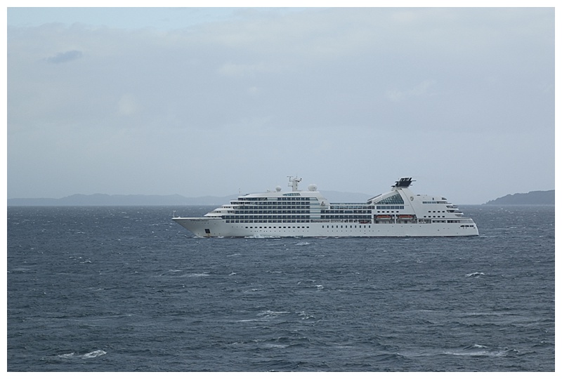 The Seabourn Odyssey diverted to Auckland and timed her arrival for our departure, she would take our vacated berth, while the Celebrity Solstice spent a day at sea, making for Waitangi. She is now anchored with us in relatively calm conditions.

● ● ● ● ● ● ●

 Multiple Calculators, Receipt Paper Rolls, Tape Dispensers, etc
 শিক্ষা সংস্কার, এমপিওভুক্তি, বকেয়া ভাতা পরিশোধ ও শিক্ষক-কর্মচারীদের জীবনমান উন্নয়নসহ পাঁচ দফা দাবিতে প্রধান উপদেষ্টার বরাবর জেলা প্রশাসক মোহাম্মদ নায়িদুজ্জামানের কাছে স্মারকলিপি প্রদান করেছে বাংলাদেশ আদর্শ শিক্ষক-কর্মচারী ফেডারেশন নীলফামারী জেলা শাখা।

● ● ● ● ● ● ●

__TASK TO CARRY OUT__
Scan the records above for the lines holding "Multiple Calculators, Receipt" and "শিক্ষা সংস্কার, এমপিওভুক্তি, বকেয়া". Transcribe those two and every line between them word for word, and no others.

__TASK RESPONSE__
 Multiple Calculators, Receipt Paper Rolls, Tape Dispensers, etc
 শিক্ষা সংস্কার, এমপিওভুক্তি, বকেয়া ভাতা পরিশোধ ও শিক্ষক-কর্মচারীদের জীবনমান উন্নয়নসহ পাঁচ দফা দাবিতে প্রধান উপদেষ্টার বরাবর জেলা প্রশাসক মোহাম্মদ নায়িদুজ্জামানের কাছে স্মারকলিপি প্রদান করেছে বাংলাদেশ আদর্শ শিক্ষক-কর্মচারী ফেডারেশন নীলফামারী জেলা শাখা।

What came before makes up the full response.